● Required action
Using the listing below, copy exactly the lines from the one containing "ブラックカラーを採用したスウ" to the one containing "blå Skjöld, genom", both lines included, and no others.

● Given data
·····

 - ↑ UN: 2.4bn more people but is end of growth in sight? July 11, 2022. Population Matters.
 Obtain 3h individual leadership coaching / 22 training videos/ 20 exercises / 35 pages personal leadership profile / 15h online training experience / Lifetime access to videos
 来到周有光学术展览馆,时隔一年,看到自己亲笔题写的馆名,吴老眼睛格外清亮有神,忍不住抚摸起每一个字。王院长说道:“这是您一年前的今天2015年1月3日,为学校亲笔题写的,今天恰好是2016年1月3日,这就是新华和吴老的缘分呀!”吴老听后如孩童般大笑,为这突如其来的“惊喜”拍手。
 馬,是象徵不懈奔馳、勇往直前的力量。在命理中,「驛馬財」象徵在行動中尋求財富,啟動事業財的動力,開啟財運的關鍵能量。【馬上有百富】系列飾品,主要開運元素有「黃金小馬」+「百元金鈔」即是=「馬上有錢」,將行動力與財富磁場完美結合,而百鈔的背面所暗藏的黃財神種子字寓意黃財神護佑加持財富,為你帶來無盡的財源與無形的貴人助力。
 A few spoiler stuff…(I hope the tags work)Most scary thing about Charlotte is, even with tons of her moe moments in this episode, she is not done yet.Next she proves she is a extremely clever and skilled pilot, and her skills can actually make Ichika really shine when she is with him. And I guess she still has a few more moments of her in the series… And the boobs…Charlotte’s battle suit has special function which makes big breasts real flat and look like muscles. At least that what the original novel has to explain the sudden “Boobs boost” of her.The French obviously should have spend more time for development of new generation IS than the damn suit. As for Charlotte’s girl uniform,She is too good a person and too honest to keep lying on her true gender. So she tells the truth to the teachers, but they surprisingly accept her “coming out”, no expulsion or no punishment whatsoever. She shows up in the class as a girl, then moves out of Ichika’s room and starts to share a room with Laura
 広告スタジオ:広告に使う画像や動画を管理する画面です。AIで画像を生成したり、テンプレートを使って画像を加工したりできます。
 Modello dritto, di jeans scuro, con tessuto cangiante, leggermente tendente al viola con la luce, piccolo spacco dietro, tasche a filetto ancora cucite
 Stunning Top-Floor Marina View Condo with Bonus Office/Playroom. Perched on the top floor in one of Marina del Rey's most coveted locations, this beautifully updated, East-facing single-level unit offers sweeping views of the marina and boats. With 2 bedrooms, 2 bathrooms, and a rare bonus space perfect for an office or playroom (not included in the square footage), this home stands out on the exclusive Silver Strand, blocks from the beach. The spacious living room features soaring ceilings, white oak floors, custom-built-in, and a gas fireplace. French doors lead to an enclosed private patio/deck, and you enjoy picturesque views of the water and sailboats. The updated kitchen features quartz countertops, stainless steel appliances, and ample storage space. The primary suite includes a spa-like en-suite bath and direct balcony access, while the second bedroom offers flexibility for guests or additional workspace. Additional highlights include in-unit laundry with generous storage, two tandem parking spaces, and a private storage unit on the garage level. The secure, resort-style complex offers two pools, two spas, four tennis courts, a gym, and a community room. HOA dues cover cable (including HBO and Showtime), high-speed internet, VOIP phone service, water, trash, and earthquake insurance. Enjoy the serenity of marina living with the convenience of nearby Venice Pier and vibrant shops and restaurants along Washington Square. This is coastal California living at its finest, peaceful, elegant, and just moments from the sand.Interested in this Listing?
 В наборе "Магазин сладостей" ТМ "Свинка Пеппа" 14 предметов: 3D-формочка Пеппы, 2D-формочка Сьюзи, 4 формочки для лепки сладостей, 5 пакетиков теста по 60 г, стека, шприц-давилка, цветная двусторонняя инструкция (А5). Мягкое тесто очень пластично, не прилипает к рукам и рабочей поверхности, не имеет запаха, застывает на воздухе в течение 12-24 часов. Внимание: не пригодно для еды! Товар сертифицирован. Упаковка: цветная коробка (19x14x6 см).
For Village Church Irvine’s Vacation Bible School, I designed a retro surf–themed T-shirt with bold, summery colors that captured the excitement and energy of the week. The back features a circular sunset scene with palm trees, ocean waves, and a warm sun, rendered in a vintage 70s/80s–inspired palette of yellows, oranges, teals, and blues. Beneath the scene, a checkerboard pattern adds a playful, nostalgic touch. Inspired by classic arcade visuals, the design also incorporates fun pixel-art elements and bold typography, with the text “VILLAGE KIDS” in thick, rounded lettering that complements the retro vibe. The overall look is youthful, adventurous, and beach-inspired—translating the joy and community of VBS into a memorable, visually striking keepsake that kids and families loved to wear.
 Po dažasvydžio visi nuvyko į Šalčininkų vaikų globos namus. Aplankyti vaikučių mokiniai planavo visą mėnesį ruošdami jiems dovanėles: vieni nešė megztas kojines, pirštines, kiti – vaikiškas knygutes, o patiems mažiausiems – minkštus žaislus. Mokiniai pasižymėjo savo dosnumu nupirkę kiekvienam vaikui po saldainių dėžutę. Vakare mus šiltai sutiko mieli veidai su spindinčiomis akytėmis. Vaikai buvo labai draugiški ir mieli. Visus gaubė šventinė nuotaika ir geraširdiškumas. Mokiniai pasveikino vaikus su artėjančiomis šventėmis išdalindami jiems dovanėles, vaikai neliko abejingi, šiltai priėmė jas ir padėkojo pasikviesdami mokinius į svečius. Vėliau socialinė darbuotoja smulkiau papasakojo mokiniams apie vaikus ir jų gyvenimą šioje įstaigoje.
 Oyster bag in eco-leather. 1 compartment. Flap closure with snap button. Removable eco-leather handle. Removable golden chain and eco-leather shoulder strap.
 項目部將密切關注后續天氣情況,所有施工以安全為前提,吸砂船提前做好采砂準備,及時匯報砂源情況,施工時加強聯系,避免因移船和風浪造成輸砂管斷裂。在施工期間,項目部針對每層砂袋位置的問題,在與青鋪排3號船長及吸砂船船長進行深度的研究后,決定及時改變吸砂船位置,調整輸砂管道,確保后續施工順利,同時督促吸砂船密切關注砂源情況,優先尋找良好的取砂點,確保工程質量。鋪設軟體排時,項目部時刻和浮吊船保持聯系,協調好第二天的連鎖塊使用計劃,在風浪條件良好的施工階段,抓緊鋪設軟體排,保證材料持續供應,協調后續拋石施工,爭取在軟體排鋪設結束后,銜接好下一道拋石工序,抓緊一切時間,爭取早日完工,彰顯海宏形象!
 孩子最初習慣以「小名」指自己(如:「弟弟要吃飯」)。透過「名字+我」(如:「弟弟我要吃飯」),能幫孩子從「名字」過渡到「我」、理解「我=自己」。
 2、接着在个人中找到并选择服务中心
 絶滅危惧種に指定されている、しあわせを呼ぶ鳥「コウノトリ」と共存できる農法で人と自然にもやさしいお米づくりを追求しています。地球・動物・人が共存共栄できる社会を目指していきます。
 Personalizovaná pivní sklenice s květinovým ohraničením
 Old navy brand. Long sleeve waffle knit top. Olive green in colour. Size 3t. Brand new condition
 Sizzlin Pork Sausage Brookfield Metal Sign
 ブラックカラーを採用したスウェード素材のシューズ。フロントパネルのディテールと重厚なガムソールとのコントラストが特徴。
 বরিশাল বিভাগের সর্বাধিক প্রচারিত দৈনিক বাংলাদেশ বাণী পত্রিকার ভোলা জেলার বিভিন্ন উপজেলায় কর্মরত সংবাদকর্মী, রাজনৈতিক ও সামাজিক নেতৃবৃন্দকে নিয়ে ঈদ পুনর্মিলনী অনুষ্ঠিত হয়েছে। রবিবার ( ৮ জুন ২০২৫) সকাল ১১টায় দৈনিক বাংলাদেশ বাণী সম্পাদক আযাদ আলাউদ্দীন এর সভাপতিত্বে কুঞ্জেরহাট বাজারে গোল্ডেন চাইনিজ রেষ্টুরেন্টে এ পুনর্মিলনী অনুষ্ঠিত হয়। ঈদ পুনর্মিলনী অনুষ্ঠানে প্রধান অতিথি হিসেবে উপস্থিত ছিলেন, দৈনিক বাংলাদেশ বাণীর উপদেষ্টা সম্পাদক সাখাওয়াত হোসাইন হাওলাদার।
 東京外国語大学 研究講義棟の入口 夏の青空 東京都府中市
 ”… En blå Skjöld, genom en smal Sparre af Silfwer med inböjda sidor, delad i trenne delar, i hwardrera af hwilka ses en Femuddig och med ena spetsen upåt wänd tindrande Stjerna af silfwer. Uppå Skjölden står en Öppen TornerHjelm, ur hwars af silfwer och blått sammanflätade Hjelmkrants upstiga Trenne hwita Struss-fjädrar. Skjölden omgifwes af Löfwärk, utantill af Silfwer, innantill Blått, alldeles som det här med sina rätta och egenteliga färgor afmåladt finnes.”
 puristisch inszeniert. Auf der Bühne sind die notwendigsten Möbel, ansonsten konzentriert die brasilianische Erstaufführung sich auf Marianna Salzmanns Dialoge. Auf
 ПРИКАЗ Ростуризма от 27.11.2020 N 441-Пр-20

·····

● Task answer
 ブラックカラーを採用したスウェード素材のシューズ。フロントパネルのディテールと重厚なガムソールとのコントラストが特徴。
 বরিশাল বিভাগের সর্বাধিক প্রচারিত দৈনিক বাংলাদেশ বাণী পত্রিকার ভোলা জেলার বিভিন্ন উপজেলায় কর্মরত সংবাদকর্মী, রাজনৈতিক ও সামাজিক নেতৃবৃন্দকে নিয়ে ঈদ পুনর্মিলনী অনুষ্ঠিত হয়েছে। রবিবার ( ৮ জুন ২০২৫) সকাল ১১টায় দৈনিক বাংলাদেশ বাণী সম্পাদক আযাদ আলাউদ্দীন এর সভাপতিত্বে কুঞ্জেরহাট বাজারে গোল্ডেন চাইনিজ রেষ্টুরেন্টে এ পুনর্মিলনী অনুষ্ঠিত হয়। ঈদ পুনর্মিলনী অনুষ্ঠানে প্রধান অতিথি হিসেবে উপস্থিত ছিলেন, দৈনিক বাংলাদেশ বাণীর উপদেষ্টা সম্পাদক সাখাওয়াত হোসাইন হাওলাদার।
 東京外国語大学 研究講義棟の入口 夏の青空 東京都府中市
 ”… En blå Skjöld, genom en smal Sparre af Silfwer med inböjda sidor, delad i trenne delar, i hwardrera af hwilka ses en Femuddig och med ena spetsen upåt wänd tindrande Stjerna af silfwer. Uppå Skjölden står en Öppen TornerHjelm, ur hwars af silfwer och blått sammanflätade Hjelmkrants upstiga Trenne hwita Struss-fjädrar. Skjölden omgifwes af Löfwärk, utantill af Silfwer, innantill Blått, alldeles som det här med sina rätta och egenteliga färgor afmåladt finnes.”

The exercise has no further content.